Tutorial 10: RAG 生产部署
生产环境考量
将 RAG 系统部署到生产环境需要考虑:
性能: 响应时间、吞吐量
可靠性: 高可用、容错
可扩展性: 水平扩展、负载均衡
安全性: 数据保护、访问控制
成本: API 调用、存储、计算
架构设计
┌─────────────────────────────────────────────────────────────────┐
│ RAG 生产架构 │
│ │
│ ┌──────────────────────────────────────────────────────────┐ │
│ │ 负载均衡 │ │
│ └──────────────────────────┬───────────────────────────────┘ │
│ │ │
│ ┌───────────────────┼───────────────────┐ │
│ │ │ │ │
│ ▼ ▼ ▼ │
│ ┌────────────┐ ┌────────────┐ ┌────────────┐ │
│ │ API Server │ │ API Server │ │ API Server │ │
│ └──────┬─────┘ └──────┬─────┘ └──────┬─────┘ │
│ │ │ │ │
│ └──────────────────┼──────────────────┘ │
│ │ │
│ ┌─────────────────────────┼─────────────────────────┐ │
│ │ ▼ │ │
│ │ ┌──────────┐ ┌──────────┐ ┌──────────┐ │ │
│ │ │ 向量数据库 │ │ Redis │ │ LLM │ │ │
│ │ │ (Milvus) │ │ (缓存) │ │ (API) │ │ │
│ │ └──────────┘ └──────────┘ └──────────┘ │ │
│ │ 服务层 │ │
│ └───────────────────────────────────────────────────┘ │
│ │
└─────────────────────────────────────────────────────────────────┘
FastAPI 服务
# app/main.py
from fastapi import FastAPI, HTTPException, BackgroundTasks
from pydantic import BaseModel
from typing import List, Optional
import time
app = FastAPI(title="RAG API", version="1.0.0")
# 请求/响应模型
class QueryRequest(BaseModel):
question: str
top_k: int = 3
use_cache: bool = True
class QueryResponse(BaseModel):
answer: str
sources: List[dict]
latency_ms: float
class IndexRequest(BaseModel):
documents: List[str]
metadatas: Optional[List[dict]] = None
# RAG 服务
from app.rag_service import RAGService
rag_service = RAGService()
@app.post("/query", response_model=QueryResponse)

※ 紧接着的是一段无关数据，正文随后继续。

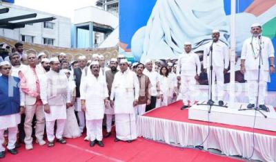 Photo Caption : KPCC President and DCM DK Shivakumar and Congress leaders during the 77th Republic Day celebrations at KPCC office, in Bengaluru on Monday 26th January 2026

async def query(request: QueryRequest):
"""查询接口"""
start_time = time.time()
try:
result = await rag_service.query(
question=request.question,
top_k=request.top_k,
use_cache=request.use_cache
)
latency_ms = (time.time() - start_time) * 1000
return QueryResponse(
answer=result["answer"],
sources=result["sources"],
latency_ms=latency_ms
)
except Exception as e:
raise HTTPException(status_code=500, detail=str(e))
@app.post("/index")
async def index_documents(
request: IndexRequest,
background_tasks: BackgroundTasks
):
"""索引文档(后台任务)"""
background_tasks.add_task(
rag_service.index_documents,
request.documents,
request.metadatas
)
return {"message": "Indexing started", "count": len(request.documents)}
@app.get("/health")
async def health_check():
"""健康检查"""
return {"status": "healthy"}
RAG 服务实现
# app/rag_service.py
from langchain_community.vectorstores import Chroma
from langchain_community.embeddings import HuggingFaceEmbeddings
from langchain_openai import ChatOpenAI
from typing import List, Dict, Optional
import redis
import hashlib
import json
class RAGService:
"""RAG 服务"""
def __init__(self):
# 初始化组件
self.embeddings = HuggingFaceEmbeddings(
model_name="sentence-transformers/all-MiniLM-L6-v2"
)
self.vectorstore = Chroma(
persist_directory="./chroma_db",
embedding_function=self.embeddings
)
self.llm = ChatOpenAI(
model="gpt-3.5-turbo",
temperature=0,
request_timeout=30
)
# 缓存
self.cache = redis.Redis(host='localhost', port=6379, db=0)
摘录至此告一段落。